Force chunked evaluation for all outputs:

praisonai recipe judge my-trace-id --chunked

All outputs are chunked regardless of size.

How Auto-Chunking Works

Token Estimation: Estimates token count using character/word heuristics
Context Check: Compares against model’s context window (with 80% safety margin)
Smart Chunking: If needed, splits output into optimal chunks
Parallel Evaluation: Each chunk is evaluated independently
Score Aggregation: Chunk scores are combined using weighted average

When to Disable Auto-Chunking

Speed: Auto-chunking adds latency for token counting
Simple Tasks: Short outputs that never exceed context
Cost: Chunked evaluation uses more API calls
Debugging: To see raw truncated behavior

Manual Chunked Evaluation

For large agent outputs that exceed LLM context limits, chunked evaluation splits the output into multiple chunks, evaluates each separately, and aggregates the scores.
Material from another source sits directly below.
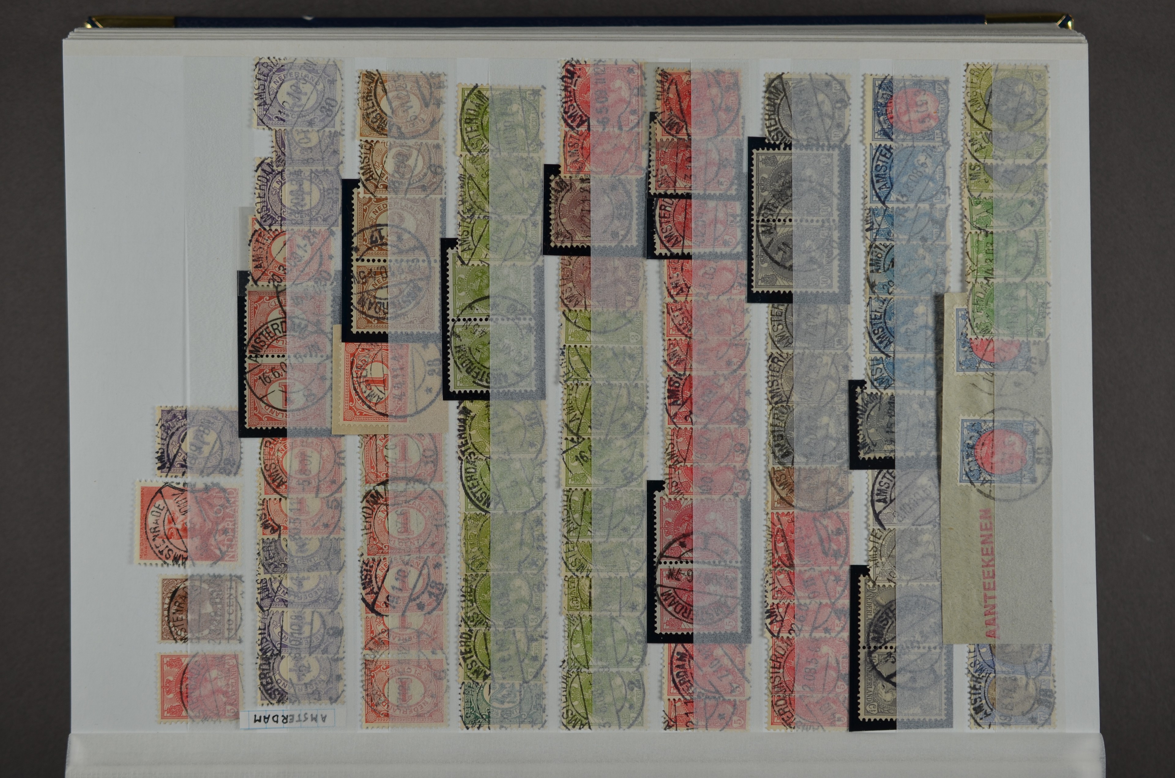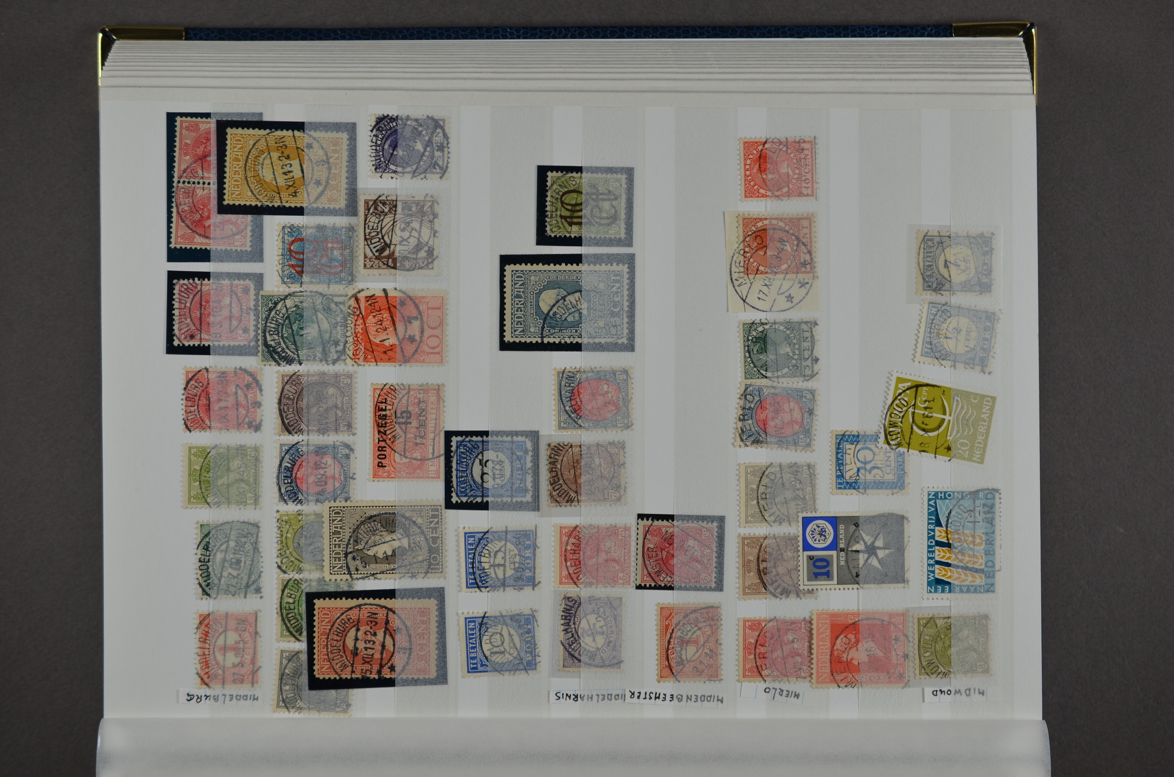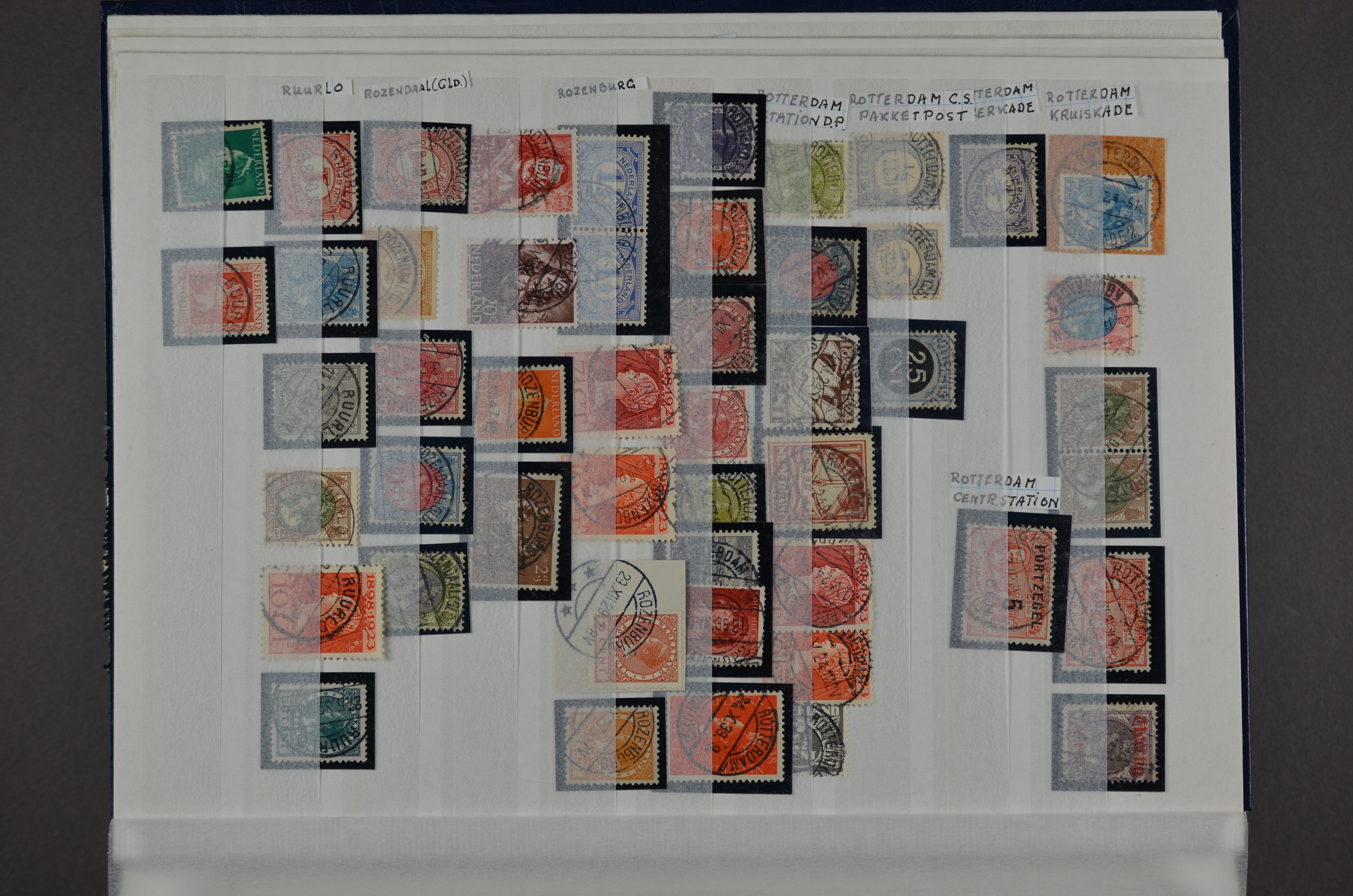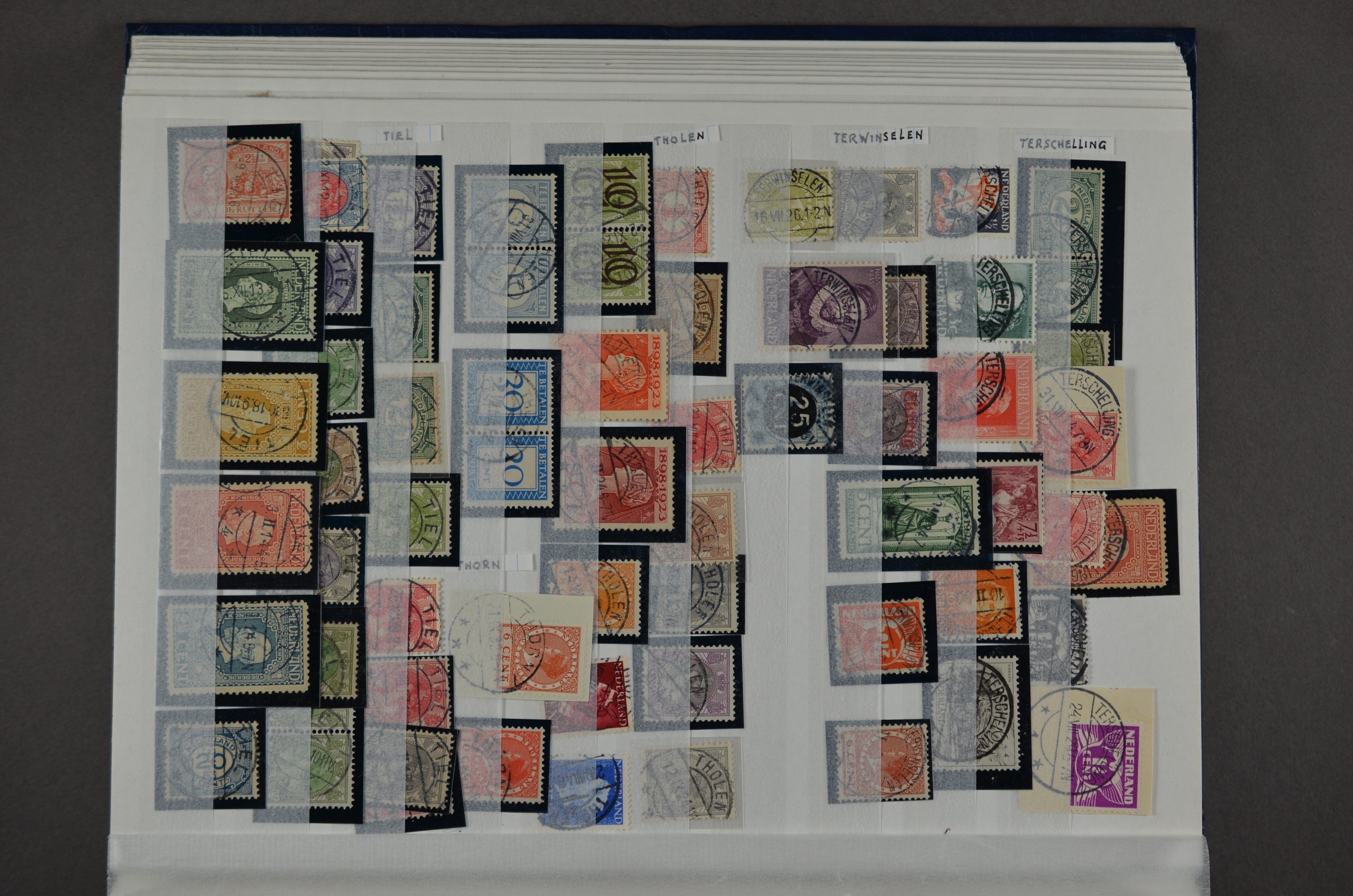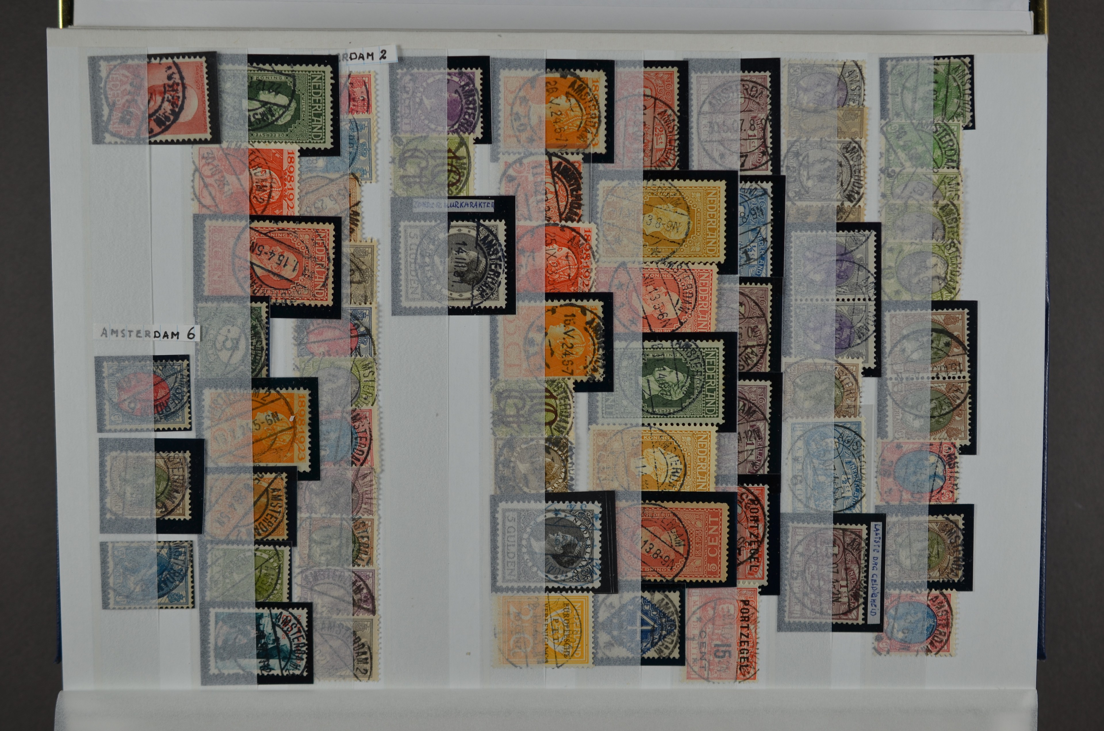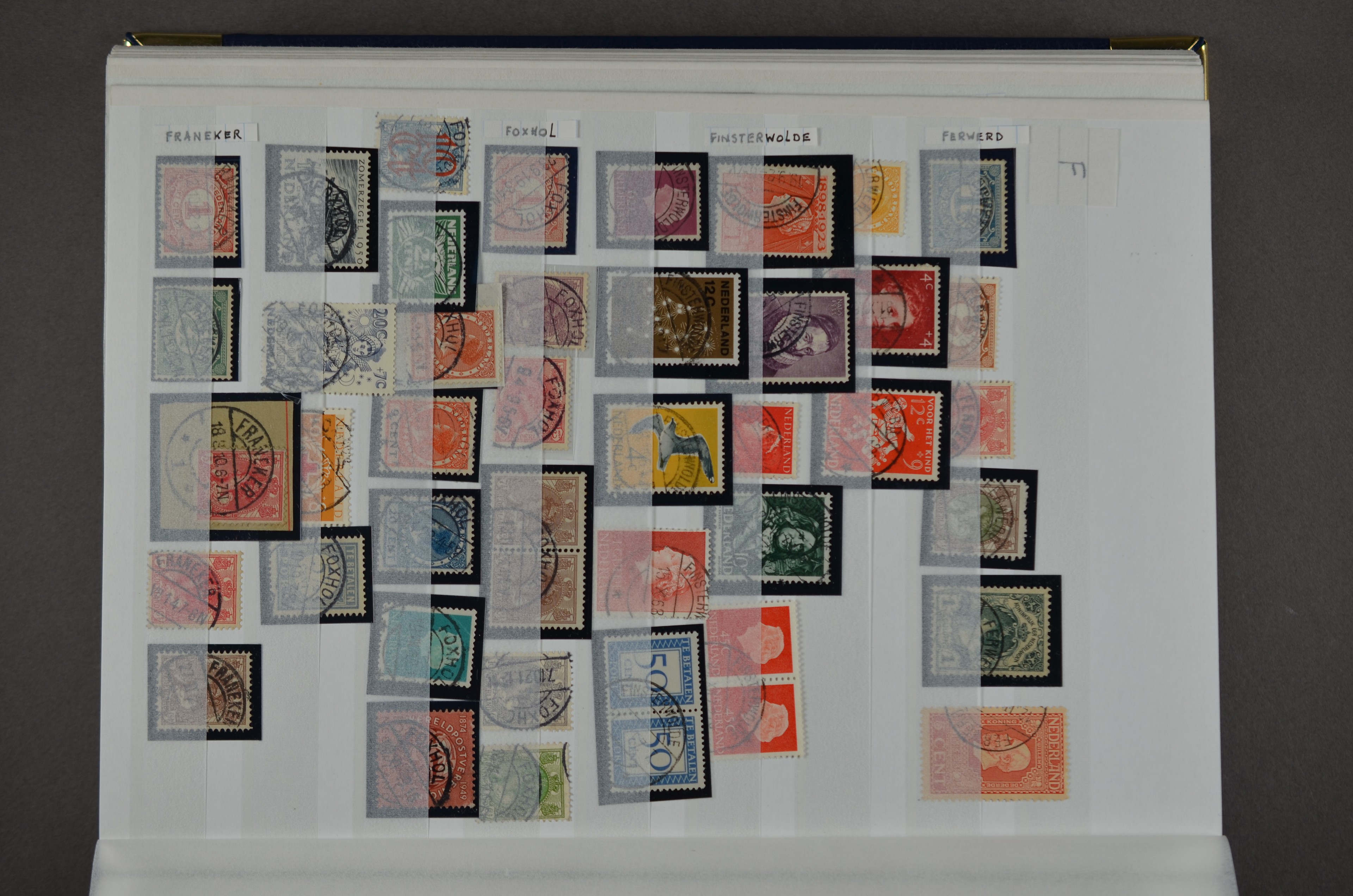 LANGEBALKSTEMPELS, uit Velling type 134/155 op vele, vele honderden losse zegels, merendeels volledige afstempelingen. Het lijken zogenaamd gewone, (semi-)moderne stempels maar in een dergelijke omvang, met zo veel kleine kantoren en in zulke uitzonderlijke kwaliteit nauwelijks meer bijeen te brengen. Voor de liefhebber, op alfabetische volgorde gesorteerd in 3 dikke insteekboeken vol verzamelplezier!

This preserves ALL content instead of truncating.

When to Use Chunked Evaluation

Agent outputs exceed 3000+ characters
You’re seeing [TRUNCATED] in evaluation results
Important information in the middle of outputs is being lost
You need comprehensive evaluation of long-form content

Aggregation Strategies

Strategy	Description	Use Case
`weighted_average`	Weight by chunk size (default)	Balanced evaluation
`average`	Simple average	Equal weight to all chunks
`min`	Use minimum score	Conservative/strict evaluation
`max`	Use maximum score	Optimistic evaluation

Chunk Configuration

Option	Default	Description
`--chunk-size`	8000	Max characters per chunk (optimized for 128K context models)
`--max-chunks`	5	Max chunks per agent (allows up to 40K chars total)
`--aggregation`	weighted_average	Score aggregation strategy

Scoring Criteria

Task Achievement (1-10)

Did the agent accomplish what it was asked to do?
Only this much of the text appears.